→ Instructions to follow
Using the listing below, set down each line from the line containing "Conceptos Platón. Historia" through the line containing "일반적으로 초기 크기가", both ends included, exactly and with nothing added.
━━━━━ Input data ━━━━━
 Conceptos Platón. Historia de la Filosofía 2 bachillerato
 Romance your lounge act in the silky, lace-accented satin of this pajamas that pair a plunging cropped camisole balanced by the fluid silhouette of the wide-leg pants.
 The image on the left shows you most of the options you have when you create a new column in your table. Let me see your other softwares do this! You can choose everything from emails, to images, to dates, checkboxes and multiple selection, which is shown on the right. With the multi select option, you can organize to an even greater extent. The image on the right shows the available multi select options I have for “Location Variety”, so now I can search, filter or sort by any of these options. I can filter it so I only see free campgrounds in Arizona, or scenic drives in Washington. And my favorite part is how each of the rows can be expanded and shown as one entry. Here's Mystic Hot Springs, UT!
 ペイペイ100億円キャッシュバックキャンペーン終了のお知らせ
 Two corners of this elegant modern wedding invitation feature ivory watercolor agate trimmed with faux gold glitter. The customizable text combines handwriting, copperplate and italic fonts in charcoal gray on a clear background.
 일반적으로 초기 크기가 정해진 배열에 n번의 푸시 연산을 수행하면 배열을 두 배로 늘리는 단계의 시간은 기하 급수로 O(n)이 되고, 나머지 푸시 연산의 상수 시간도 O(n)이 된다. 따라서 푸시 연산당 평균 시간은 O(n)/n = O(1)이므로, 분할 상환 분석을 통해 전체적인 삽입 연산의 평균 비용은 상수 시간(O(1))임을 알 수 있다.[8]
━━━━━
━━━━━ Input data ━━━━━
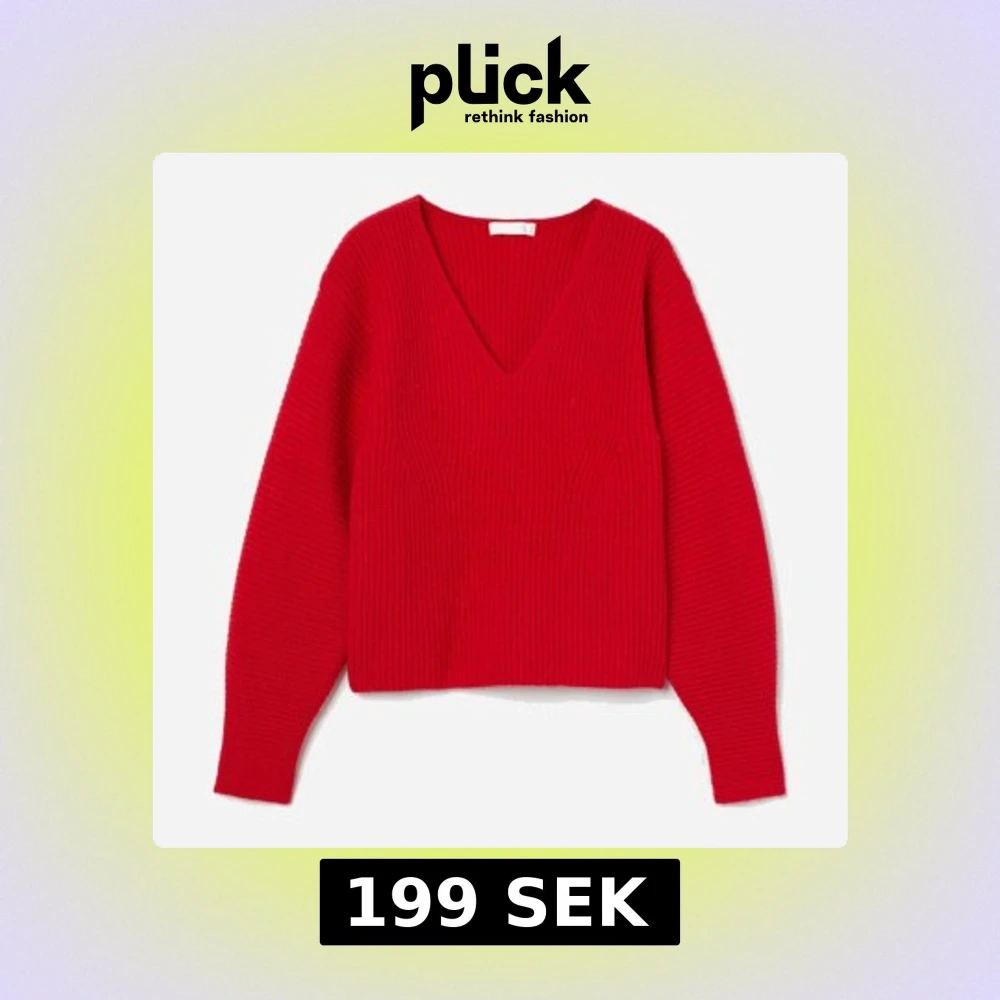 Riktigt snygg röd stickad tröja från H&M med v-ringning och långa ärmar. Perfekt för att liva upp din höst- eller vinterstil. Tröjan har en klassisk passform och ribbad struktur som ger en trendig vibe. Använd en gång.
━━━━━
━━━━━ Input data ━━━━━
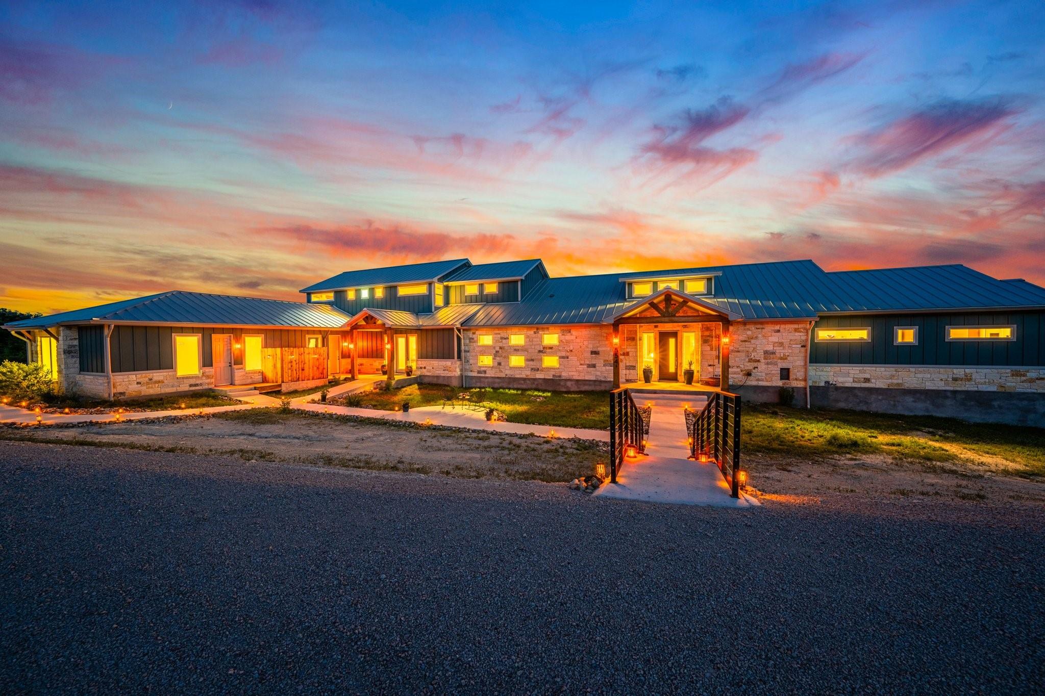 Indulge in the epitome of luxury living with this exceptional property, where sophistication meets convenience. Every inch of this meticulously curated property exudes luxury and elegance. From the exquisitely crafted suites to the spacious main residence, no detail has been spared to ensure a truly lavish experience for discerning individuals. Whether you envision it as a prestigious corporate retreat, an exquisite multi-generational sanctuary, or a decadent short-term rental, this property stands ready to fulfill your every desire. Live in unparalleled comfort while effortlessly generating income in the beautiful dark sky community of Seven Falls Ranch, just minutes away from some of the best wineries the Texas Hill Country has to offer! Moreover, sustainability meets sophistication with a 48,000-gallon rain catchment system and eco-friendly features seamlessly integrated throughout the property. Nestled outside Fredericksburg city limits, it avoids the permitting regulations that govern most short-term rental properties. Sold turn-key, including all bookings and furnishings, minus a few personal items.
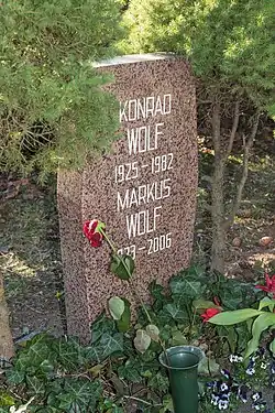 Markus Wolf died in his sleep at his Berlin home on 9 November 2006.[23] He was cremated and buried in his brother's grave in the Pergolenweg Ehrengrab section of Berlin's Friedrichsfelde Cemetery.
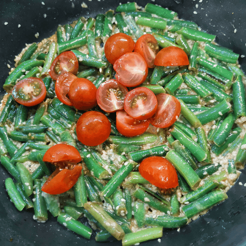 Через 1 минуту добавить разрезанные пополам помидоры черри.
━━━━━
→ Task output
 Conceptos Platón. Historia de la Filosofía 2 bachillerato
 Romance your lounge act in the silky, lace-accented satin of this pajamas that pair a plunging cropped camisole balanced by the fluid silhouette of the wide-leg pants.
 The image on the left shows you most of the options you have when you create a new column in your table. Let me see your other softwares do this! You can choose everything from emails, to images, to dates, checkboxes and multiple selection, which is shown on the right. With the multi select option, you can organize to an even greater extent. The image on the right shows the available multi select options I have for “Location Variety”, so now I can search, filter or sort by any of these options. I can filter it so I only see free campgrounds in Arizona, or scenic drives in Washington. And my favorite part is how each of the rows can be expanded and shown as one entry. Here's Mystic Hot Springs, UT!
 ペイペイ100億円キャッシュバックキャンペーン終了のお知らせ
 Two corners of this elegant modern wedding invitation feature ivory watercolor agate trimmed with faux gold glitter. The customizable text combines handwriting, copperplate and italic fonts in charcoal gray on a clear background.
 일반적으로 초기 크기가 정해진 배열에 n번의 푸시 연산을 수행하면 배열을 두 배로 늘리는 단계의 시간은 기하 급수로 O(n)이 되고, 나머지 푸시 연산의 상수 시간도 O(n)이 된다. 따라서 푸시 연산당 평균 시간은 O(n)/n = O(1)이므로, 분할 상환 분석을 통해 전체적인 삽입 연산의 평균 비용은 상수 시간(O(1))임을 알 수 있다.[8]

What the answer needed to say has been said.